Figure 4.

COPI and CASP interactions contribute to localization of SCYL3 to the Golgi apparatus. A, Generation of CASP-deficient MEFs using CRISPR–Cas9 technology. Structure of the Cux1 gene encoding CDP and CASP. Exons common to CDP and CASP are illustrated in black (only exons 12–14 illustrated). Exons encoding CDP are illustrated in green, and those encoding CASP are illustrated in blue. To generate CASP-deficient cells, 2 sgRNAs (black arrowheads) were designed to delete exons 15–17. Splicing of exon 14 into exon 18 causes a frame shift and premature stop codon.
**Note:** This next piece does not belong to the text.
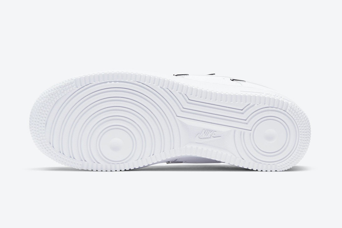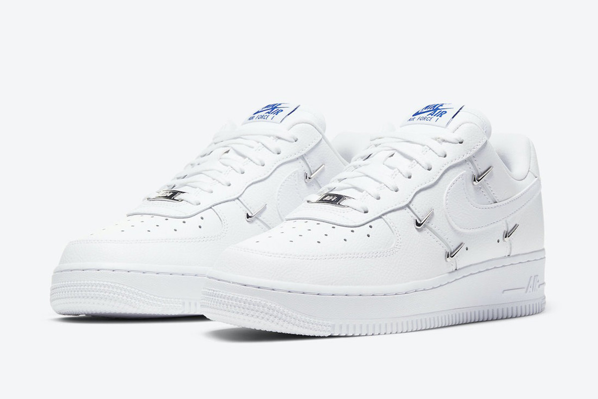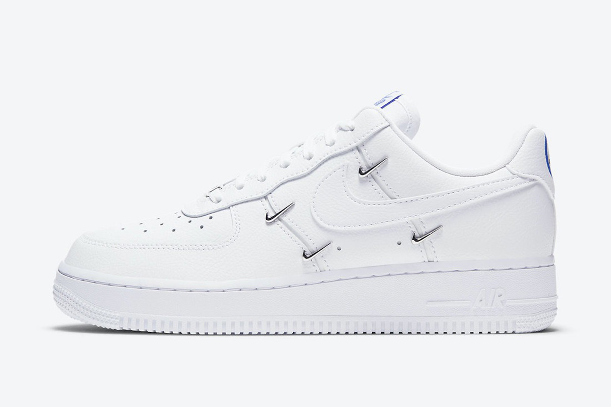 Launching as part of the brand’s ‘Sisterhood’ collection, the Nike women’s Air Force 1 ’07 LX ‘White Metallic Silver’ showcases a pristine white leather upper, accented with a quartet of 3D silver mini-Swooshes on each quarter panel.
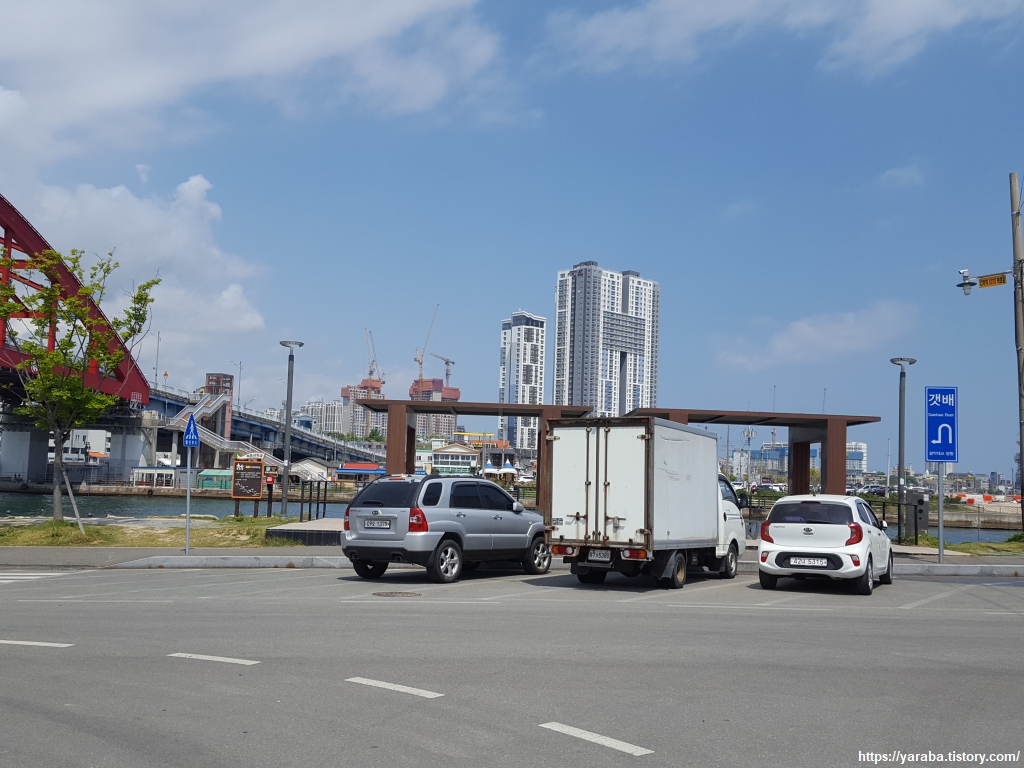 갯배를 내려서 직진하면 속초 관광 수산 시장, 아바이 순대 타운으로 바로 갈 수 있다. 옆지기에게 가고 싶냐고 물으니 몰라서 그랬을까? 아니면 아직 갈길이 멀어서 그랬을까? 간식 천국, 쇼핑 천국을 외면하고 계속 길을 가자고 한다. 해파랑길은 갯배를 내려 바로 우회전하여 구수로길을 따라 걷는다. 구수로 양쪽에는 수많은 어선들이 정박해 있고 구수로 위로는 금강대교가 아바이 마을과 중앙동을 이어주고 있다. 구수로를 따라서는 속초 생선 구이 거리가 있었는데 때마침 출출한 시간이라 거리에 퍼지는 생선구이 냄새를 외면하면서 걷기란 보통 곤욕이 아니었다. 생선구이라고 이름 붙은 메뉴들은 왜 이리 가격이 비싼지 쉽게 가게 안으로 발걸음이 옮겨지지 않았다. 생선구이 좋아하는 옆지기는 아마도 그냥 손잡고 들어가 주기를 바라지 않았을까?

Red arrow, Cux1-F51 primer; green arrow, Cux-R32 primer. B, PCR genotyping of the WT and 2 independently derived CASP-deficient MEF lines (Cl.7 and Cl.8). Bands of 2496 and ∼495 bp correspond to WT and null CASP-null alleles, respectively. A smaller band (*) from internal priming sites was also obtained by using these primers. NTC, No template control. Sanger sequencing confirmed proper recombination of the allele in CASP-deficient MEFs. C, Western blot analysis of CASP and β-actin (as loading control) in WT and CASP-deficient MEFs. *Indicates nonspecific bands. D, Immunofluorescence staining of CASP and GM130 in WT and CASP-deficient MEFs. Exponentially growing WT and CASP-deficient MEFs were fixed and stained for CASP and GM130 and imaged by confocal microscopy. E, SCYL3 localization in WT and CASP-deficient MEFs. Exponentially growing WT and CASP-deficient MEFs were fixed and stained for SCYL3 and GM130 and imaged by confocal microscopy. F, Subcellular localization of full-length and key truncated version of SCYL3 in Scyl3-deficient MEFs. Exponentially growing Scyl3^−/− MEFs were transfected with full-length or the indicated truncated versions of SCYL3, fixed and stained for SCYL3 and GM130, and imaged by confocal microscopy.